15 Temmuz’daki darbe teşebbüsü sırasında gözaltına alındıktan sonra tutuklanma talebiyle sevk edildiği mahkeme tarafından “delil yetersizliği” gerekçesiyle serbest bırakılan Sakarya Üniversitesi İlahiyat Fakültesi öğretim üyesi Adil Öksüz’ün “Hava Kuvvetleri İmamı” olduğunun tespit edilmesi, örgütün yeni yapılanmasının bir örneği olarak gösteriliyor.

Haberleşme

Her terör örgütü gibi amaçlarını güvenlik birimlerinden gizlemek için teknolojiyi yakından takip eden FETÖ, üyelerine talimatları mobil mesaj uygulamaları üzerinden göndermeye başladı. 17-25 Aralık operasyonları sonrası WhatsApp, Tango, Viber, Cover Me, Telegram gibi uygulamaları yeterince güvenli bulmayan Fetullahçı Terör Örgütü, Ar-Ge bünyesindeki yazılım mühendislerine bir uygulama hazırlama talimatı verdi.
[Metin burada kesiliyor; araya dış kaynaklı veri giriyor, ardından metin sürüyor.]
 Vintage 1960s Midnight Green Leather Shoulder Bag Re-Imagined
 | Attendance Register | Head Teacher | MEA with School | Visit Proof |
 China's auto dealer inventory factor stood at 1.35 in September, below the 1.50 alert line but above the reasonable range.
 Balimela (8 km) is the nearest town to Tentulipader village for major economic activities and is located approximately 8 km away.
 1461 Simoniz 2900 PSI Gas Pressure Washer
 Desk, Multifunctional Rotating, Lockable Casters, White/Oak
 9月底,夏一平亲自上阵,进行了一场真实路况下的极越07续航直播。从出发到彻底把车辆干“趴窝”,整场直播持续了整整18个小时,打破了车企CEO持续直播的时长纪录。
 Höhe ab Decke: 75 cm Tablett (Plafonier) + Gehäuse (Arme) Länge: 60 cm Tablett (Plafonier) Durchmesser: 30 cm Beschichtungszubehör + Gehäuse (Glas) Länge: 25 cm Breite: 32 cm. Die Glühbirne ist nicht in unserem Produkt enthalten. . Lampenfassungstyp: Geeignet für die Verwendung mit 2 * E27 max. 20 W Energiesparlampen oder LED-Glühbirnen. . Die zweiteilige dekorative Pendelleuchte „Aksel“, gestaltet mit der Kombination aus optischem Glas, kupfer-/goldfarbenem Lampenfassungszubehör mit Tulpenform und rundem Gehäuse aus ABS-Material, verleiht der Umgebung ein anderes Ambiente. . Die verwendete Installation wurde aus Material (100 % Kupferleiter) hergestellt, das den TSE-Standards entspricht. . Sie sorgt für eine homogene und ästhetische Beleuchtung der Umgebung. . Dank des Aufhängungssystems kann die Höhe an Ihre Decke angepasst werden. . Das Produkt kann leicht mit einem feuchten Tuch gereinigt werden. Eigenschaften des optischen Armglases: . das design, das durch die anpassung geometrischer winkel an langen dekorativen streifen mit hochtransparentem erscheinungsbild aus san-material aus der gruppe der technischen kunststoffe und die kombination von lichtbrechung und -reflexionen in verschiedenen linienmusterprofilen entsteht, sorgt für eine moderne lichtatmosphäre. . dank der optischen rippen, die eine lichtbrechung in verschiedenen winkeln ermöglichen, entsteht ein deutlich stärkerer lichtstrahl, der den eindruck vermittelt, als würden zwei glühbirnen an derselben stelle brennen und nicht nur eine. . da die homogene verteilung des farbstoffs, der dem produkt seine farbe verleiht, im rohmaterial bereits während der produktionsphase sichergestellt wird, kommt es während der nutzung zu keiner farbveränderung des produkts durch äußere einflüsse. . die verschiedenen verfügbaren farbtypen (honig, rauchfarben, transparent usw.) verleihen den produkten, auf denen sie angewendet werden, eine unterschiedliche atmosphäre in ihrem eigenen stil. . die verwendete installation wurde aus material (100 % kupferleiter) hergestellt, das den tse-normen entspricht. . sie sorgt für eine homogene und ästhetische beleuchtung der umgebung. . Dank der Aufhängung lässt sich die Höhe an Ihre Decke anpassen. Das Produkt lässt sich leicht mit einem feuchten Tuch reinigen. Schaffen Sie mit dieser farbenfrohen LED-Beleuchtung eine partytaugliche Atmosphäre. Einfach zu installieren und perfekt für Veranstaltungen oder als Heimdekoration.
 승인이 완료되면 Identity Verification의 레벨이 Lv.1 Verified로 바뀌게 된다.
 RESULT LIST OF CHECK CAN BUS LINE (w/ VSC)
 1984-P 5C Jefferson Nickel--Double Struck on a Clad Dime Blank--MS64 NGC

Bu sürecin sonunda örgüt üyeleri By Lock adında 3 katmanlı güvenliğe sahip uygulamayı kullanmaya başladı. 5’lik ve üzeri rütbedeki “ev ağabeyleri” tarafından uygun görülen örgüt üyesinin hem android hem de iOS tabanlı cep telefonuna bilgisayar üzerinden yüklenen uygulama, zaman içinde TURQUOİSE adı verilen bir ilave program ile hem Türkçeleştirildi hem de daha güvenli hale getirildi.

İstihbarat birimleri tarafından ele geçirilerek güvenlik katmanları aşılan uygulamanın en önemli özellikleri ise mesaj geldiğinde uyarı vermemesi, kullanıcının mail adresi ve şifre girerek açması, mesajın okunduktan belli bir süre sonra kendiliğinden silinmesi olarak tespit edildi.

By Lock uygulamasının deşifre olmasının ardından FETÖ mensupları, Eagle adında yeni bir yazılım kullanmaya başladı. Yeni uygulamada, isim yerine kod adı bulunduğu, ekran sembollerinin ise anlaşılmaması için lisanslı benzer yazılımlarla aynı olduğu belirlendi. İstihbarat birimlerinin çalışması sonucu her iki yazılımı kullanan yaklaşık 50 bin örgüt üyesinin kimlik tespitlerinin yapıldığı belirtildi.

Video ve ses kayıtları “bulut”ta

İstihbarat birimlerinin çalışması sonucu, FETÖ’nün, örgüt üyeleri aracılığıyla şantaj amacıyla toplanan video ve ses kayıtları dahil her türlü dijital veriyi “bulut” olarak bilinen sanal sunucularda depoladığı tespit edildi. Yetkililer, örgüt içinde yalnızca tek bir kişinin erişim bilgilerine sahip olduğu sanal depoya ulaşmak için çalışmaların sürdüğünü kaydetti.